Question: Did you have off for MLK day?
Thai Peanut-Ginger Stir Fry
1/4 cup peanut butter
2 tbsp low sodium soy sauce
1 tbsp + 1 tsp lime juice
2 tbsp water
1/2 tsp ground giner
1/2 tsp crushed red chili flakes
1/2 tsp garlic powder
for stir fry:
1 tbsp olive oil
1/2 large onion
8 oz mushrooms, sliced
1 red and 1 orange bell pepper, sliced
2 large handfuls snap peas, cut in half
1 cup brown rice, cooked according to instructions
1/4 cup peanuts, chopped
Mix together all of the ingredients for the peanut sauce in a small bowl. Set aside. Over medium heat, sautee onions in olive oil until translucent. Add mushrooms and cook for 2-3 minutes. Add the snap peas and bell peppers and sautee for 3-4 more minutes. Stir in the peanut sauce until vegetables are well coated. Serve over cooked brown rice and top each bowl with 1 tbsp chopped peanuts.
An exciting development occurred in my kitchen over the weekend: we have a new fridge! Well, a new-to-us fridge, but it has still made me so very happy! We have a door with shelves that stays shut overnight, no duct tape in sight, and no gross mold or rust. The little things in life that make you so happy… A quick shout out to my adopted family for their generous gift! My cousin read my brief complaint in a previous blog post, who told my aunt, who called to offer me the extra fridge they had in their basement! After a lot of coordinating and a few friends with a truck and brute strength, we got the fridge transferred! We learned a little bit about ourselves during the food transfer process: we seem to have a selective memory loss for mustard acquisition, since we somehow ended up with 6 bottles of yellow mustard (both of us are vegetarians and neither of us use yellow mustard, so figure that one out…) I also discovered my frozen food horde. My tendency to freeze leftovers for “too busy to cook” nights has caught up with me! I could feed a small army with the number of meals I have frozen away. Okay, maybe not an army, but definitely myself for a few weeks! To cut down the stash, I am eating whatever vegan meals I have frozen away! This is a glimpse of things I have eaten from my freezer this week, not all necessarily on a certain day. Hopefully my horde will be gone soon so I can freeze away new recipes! ;) All pictures are originals from the recipe posts, since frozen leftovers don’t make for the most photogenic of food days.

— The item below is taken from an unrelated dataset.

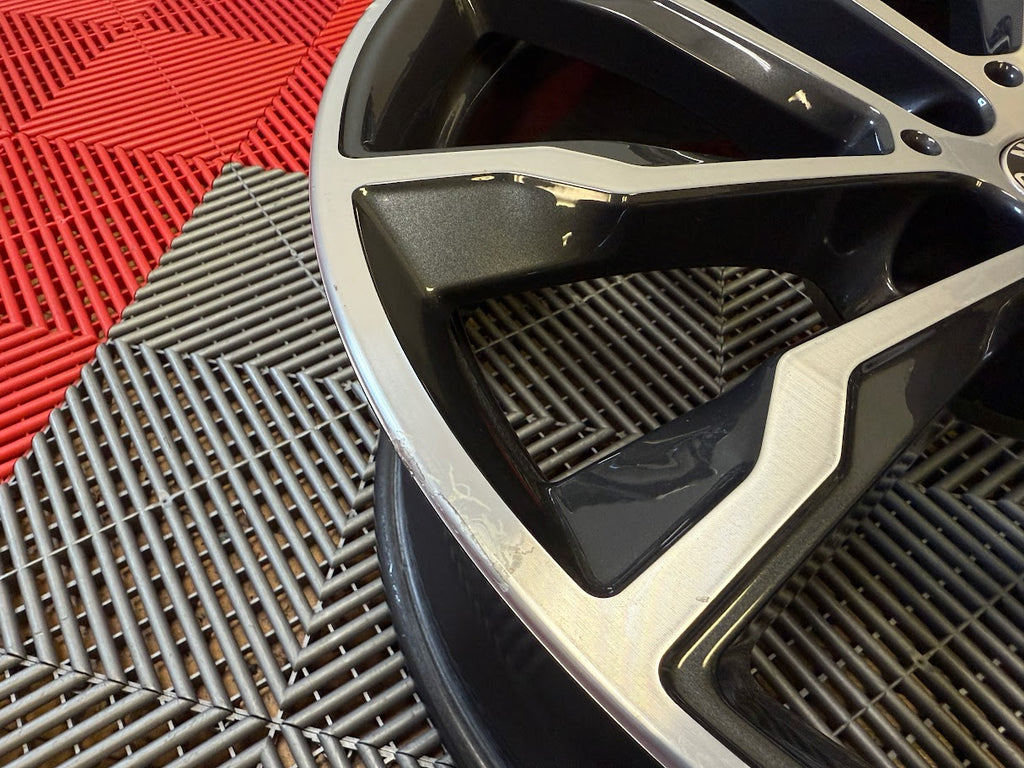 Cosmetically the wheels are a 7.5/10 overall. 3 of the wheels show curb rash - some worse than others. The one remaining wheel has no rash, but does show some oxidation underneath the clear coat. Some small scuffs, scratches and nicks from normal use. Refinishing available at additional cost (single color finish starts at $750.00).
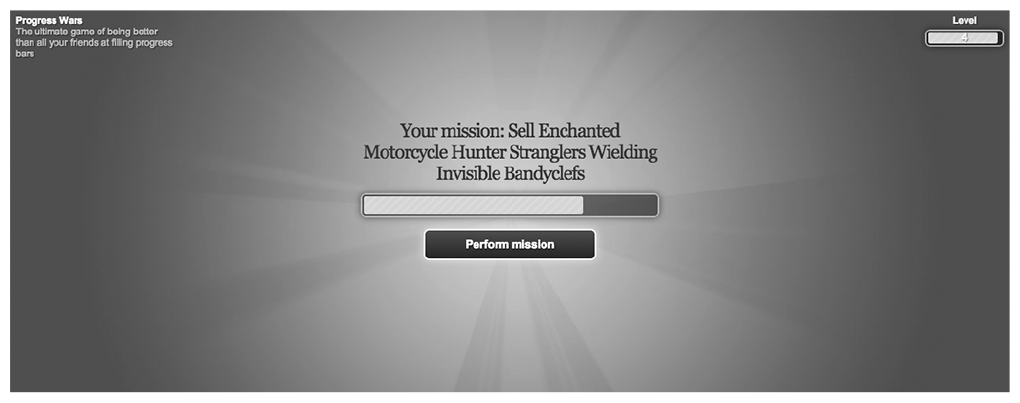 Сейчас прогресс-бары встречаются повсюду. Это один из простейших методов геймификации. Конечно, если он разработан неправильно, то не сможет вовлечь в игру достаточное количество пользователей. Пародийный пример – игра Progress Wars от Якова Скжернинга. По сути своей она бессмысленна: каждый раз, когда вы нажимаете на кнопку, индикатор прогресса заполняется, позволяя пользователям повышать свой уровень (62). Это отличный пример создания игрового дизайна в системе без стимулов, что приводит к низким результатам вовлеченности в игру.

I have at least 4 frozen bananas, and a bunch of frozen blueberries, so I decided to make smoothies the last few mornings! I based my smooth off of Angela’s classic green monster, the only change being a handful of blueberries and a bit of agave. Warning: the blueberries make the smoothie a weird black color, but it tastes even better! Though I am normally not a smoothie person because I like to chew my breakfast, this is very filling, and is a good way to get some extra green stuff in your day with the hidden spinach.
I made these Curried Potatoes and Peas a while back, and broke out the frozen leftovers for lunch! Enjoyed with a piece of flatbread, this made for an excellent lunch during a busy day at school! Plus, it made for a very easy morning, since I just had to grab the container from my freezer and go!
I made Thai Carrot Soup during our cold snap in October, and froze more than half of the recipe away. There are at least 4 containers in my freezer, so I needed to make a dent in it! Good thing it is thickened with coconut milk, so it is friendly to my vegan challenge this month!
Question: Are you a food hoarder? What one item do you always have in your fridge/freezer/pantry?